Ma le questioni stanno rapidamente cambiando, anche se molti cercano di oscurare od ignorare la nuova realtà. Come argomentai in febbraio: Le cose hanno iniziato a cambiare nell’ultimo decennio, con la produzione domestica di petrolio USA che è raddoppiata tra il 2010 e il 2014. Negli ultimi anni, la produzione di petrolio USA ha raggiunto livelli in linea coi maggiori produttori mondiali, Arabia Saudita e Russia. Per la prima volta dopo decenni, gli USA stanno di nuovo esportando prodotti energetici estrattivi. Infatti, molti esperti credono che gli USA diventeranno un esportatore netto di energia nel prossimo decennio.

La prova di ciò è venuta in luce dagli ultimi conti di febbraio. Nonostante i bassi prezzi del petrolio, i trivellatori USA stanno estraendo e producendo come se non ci fosse un domani. Dal loro punto più basso a metà del 2016, i ricavi delle trivelle sono quasi raddoppiati nel North Dakota. Come ha riferito il Wall Street Journal il 19 giugno, le grandi compagnie, Chevron, Royal Dutch Sell ed Exxon Mobil stanno investendo decine di miliardi nella regione Permiana degli USA sudoccidentali. Le megamultinazionali, i produttori dei monopoli capitalistici stanno riuscendo dove i piccoli produttori avevano fallito a causa dei costi e della limitatezza del loro capitale. Stanno progettando di portare la produzione Permiana a 4 milioni di barili al giorno in un decennio, più o meno la produzione di oggi nell’Iraq. La Chevron da sola prevede un aumento quadruplo della sua produzione Permiana in un decennio. Exxon è intenzionata a spendere nei prossimi tre anni la metà o più dei suoi massicci investimenti nella produzione di petrolio nordamericano.

Dove andrà questo petrolio?

In un articolo dll’8 giugno, la penna del Wall Street Journal Lynn Cook ha affermato senza tanti giri di parole: “le esportazioni americane [USA] di petrolio stanno emergendo come una nuova forza di disturbo nel mercato globale”. Da gennaio ad aprile, i fornitori USA hanno esportato 110 milioni di barili verso l’estero, per la maggior parte India, Hong Kong e Danimarca. I compratori asiatici contano per il 39% delle vendite, con la Cina, ovviamente, quale maggior compratore.

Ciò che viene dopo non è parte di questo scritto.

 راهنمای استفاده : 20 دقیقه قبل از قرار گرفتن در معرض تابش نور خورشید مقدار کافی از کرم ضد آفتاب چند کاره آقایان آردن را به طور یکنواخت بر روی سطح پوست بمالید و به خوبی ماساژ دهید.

Con l’arrivo in linea dei massicci aumenti di produzione, c’è forse ancora qualche dubbio che i produttori USA gareggeranno furiosamente coll’OPEC e cogli altri tradizionali esportatori per i mercati esistenti e nuovi? Non dovremmo forse aspettarci che la politica estera e le operazioni militari – coperte e non –  saranno il riflesso di questa crescente competizione?

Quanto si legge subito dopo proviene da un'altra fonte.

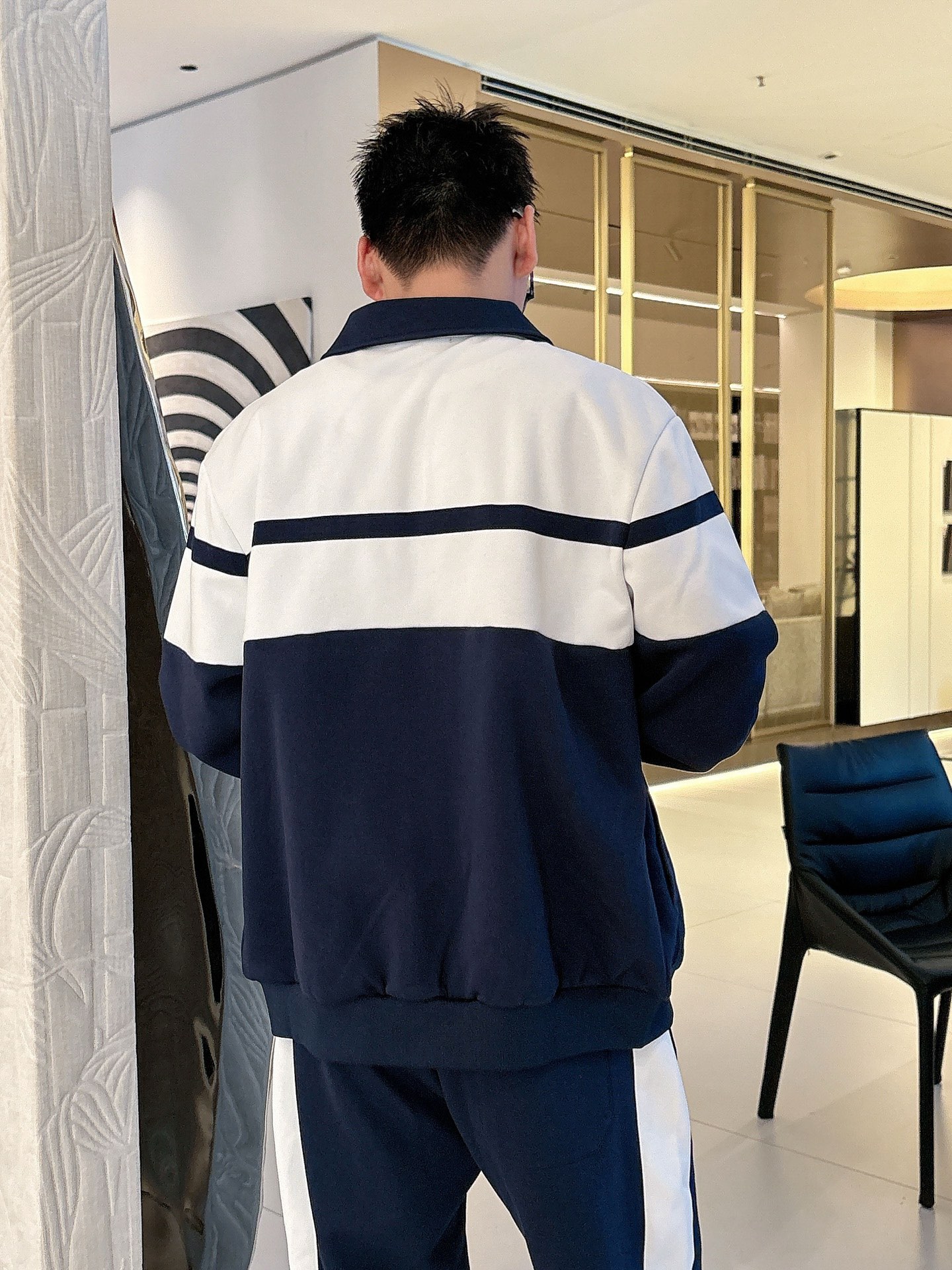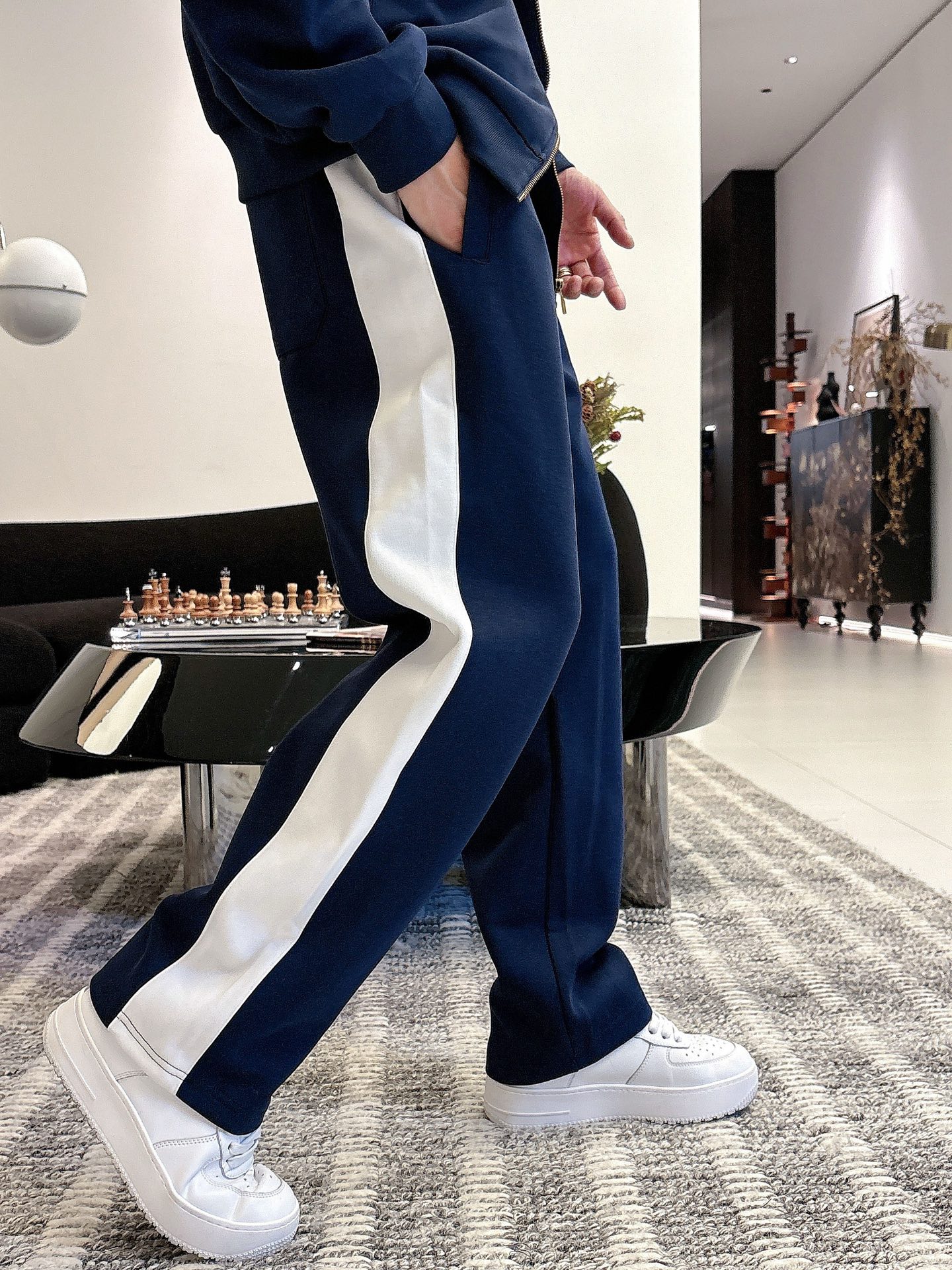 Ensemble de survêtement zippé à rayures bicolores pour homme

Similmente, gli USA stanno diventando un esportatore sempre più importante di gas naturale. Nel momento in cui le nuove tecnologie di liquefazione e trasporto del gas vengono implementate, la competizione per i mercati sta diventando sempre più spietata.

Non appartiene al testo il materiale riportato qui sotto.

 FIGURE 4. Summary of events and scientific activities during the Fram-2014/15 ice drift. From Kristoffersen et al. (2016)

Il gas naturale liquido estratto dal mare conta oggi per il 40% del mercato. Tra i leaders mondiali nella produzione di gas naturale, insieme alla Russia, gli Stati Uniti hanno un grande interesse nell’esportazione di gas naturale e nell’acquisizione di nuovi mercati. Tra gli esportatori di gas naturale liquido (LNG), il Qatar è il leader mondiale, con ogni intenzione di mantenere la propria posizione, avendo recentemente inaugurato i giacimenti del Nord, ritenuta la più grande riserva di gas naturale al mondo.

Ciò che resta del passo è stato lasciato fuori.